* **TASK TO CARRY OUT**
Copy out the data word for word, without any of its pictures.

* **GIVEN MATERIAL**
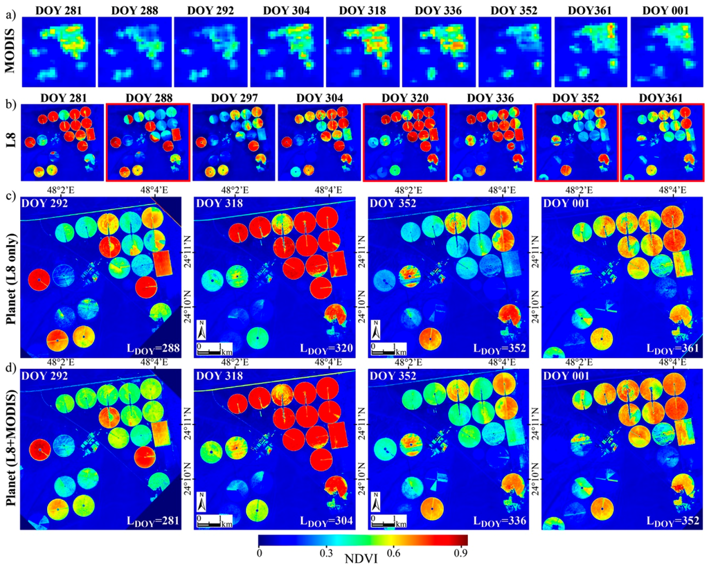 Figure 6 displays spatio-temporal features in (a) MODIS, (b) Landsat-8 and (c,d) Planet NDVI over the eastern part of the farm during the period of study, and showcases the two procedures (Landsat only or combination of Landsat and MODIS) for generating time-series of Planet NDVI. In all cases, each Cubist simulation is independent, with resultant rules specific to the given Planet scene. In Figure 6c, a near-coincident Landsat NDVI image was used to train the rule-based NDVI predictive models, whereas a Landsat scene further away from PDOY together with MODIS NDVI imagery from LDOY and PDOY were used to produce the Planet NDVI maps in Figure 6d.
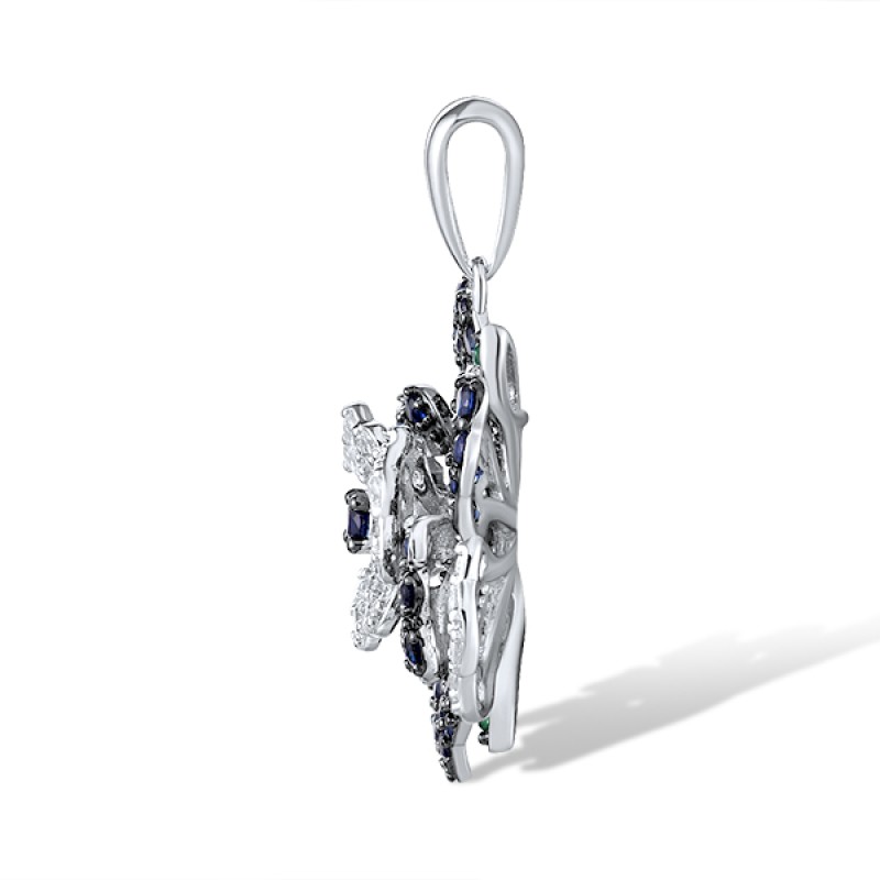Sterling Silver w/ Black White Plating Pendant Created Sapphire,Synthetic Green Spinel,White Cubic Zirconia without chain (P320958CSGZSK925)
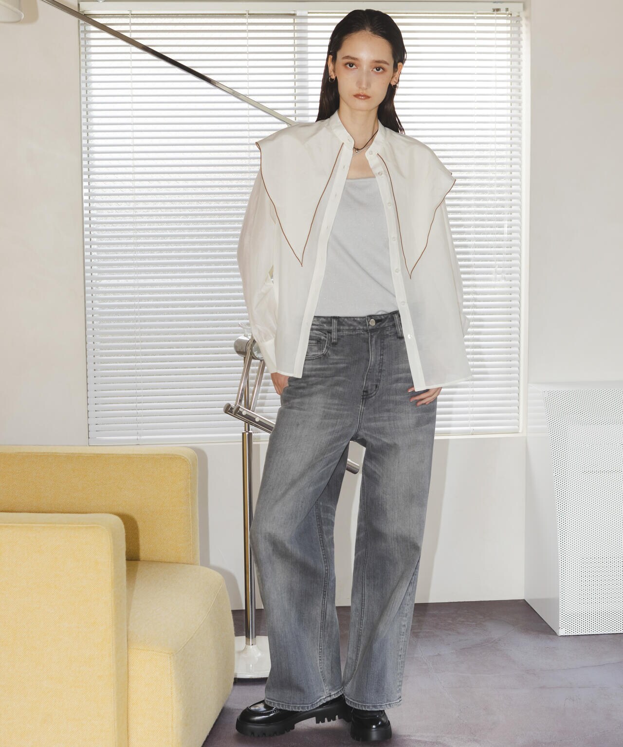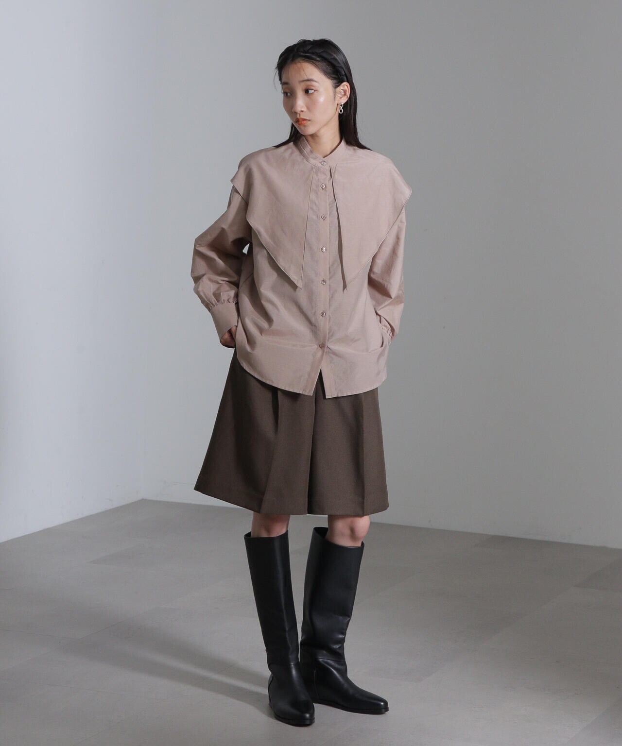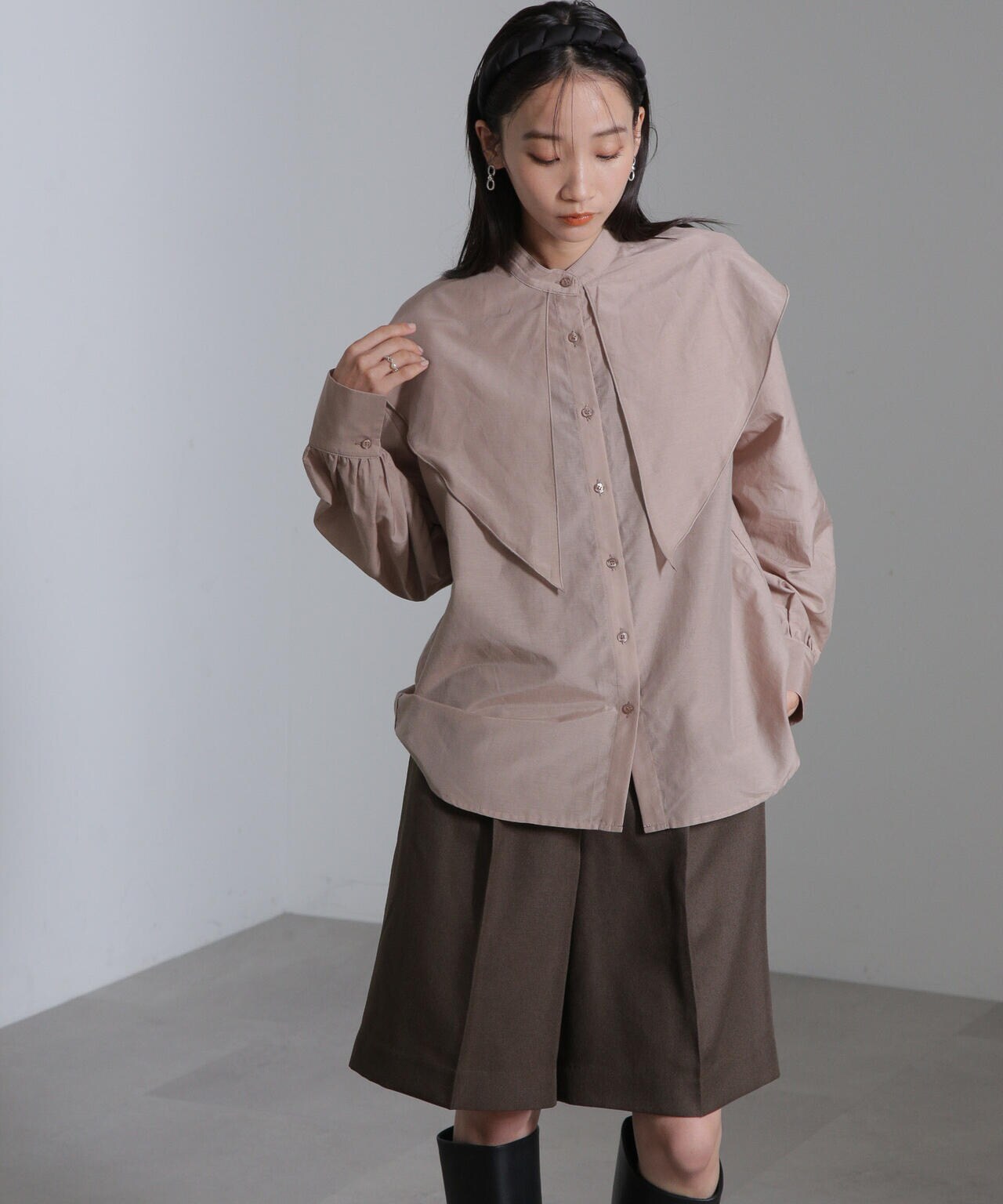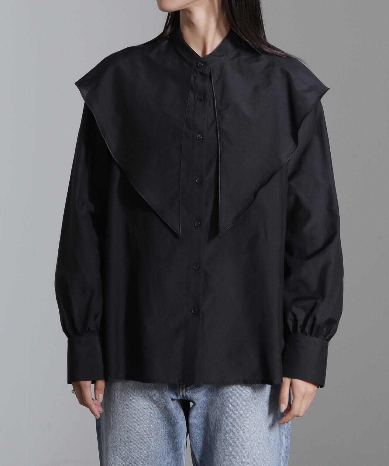 ・上品で光沢感のあるビッグカラーシャツ

* **FINISHED TASK**
 Figure 6 displays spatio-temporal features in (a) MODIS, (b) Landsat-8 and (c,d) Planet NDVI over the eastern part of the farm during the period of study, and showcases the two procedures (Landsat only or combination of Landsat and MODIS) for generating time-series of Planet NDVI. In all cases, each Cubist simulation is independent, with resultant rules specific to the given Planet scene. In Figure 6c, a near-coincident Landsat NDVI image was used to train the rule-based NDVI predictive models, whereas a Landsat scene further away from PDOY together with MODIS NDVI imagery from LDOY and PDOY were used to produce the Planet NDVI maps in Figure 6d.
Sterling Silver w/ Black White Plating Pendant Created Sapphire,Synthetic Green Spinel,White Cubic Zirconia without chain (P320958CSGZSK925)
 ・上品で光沢感のあるビッグカラーシャツ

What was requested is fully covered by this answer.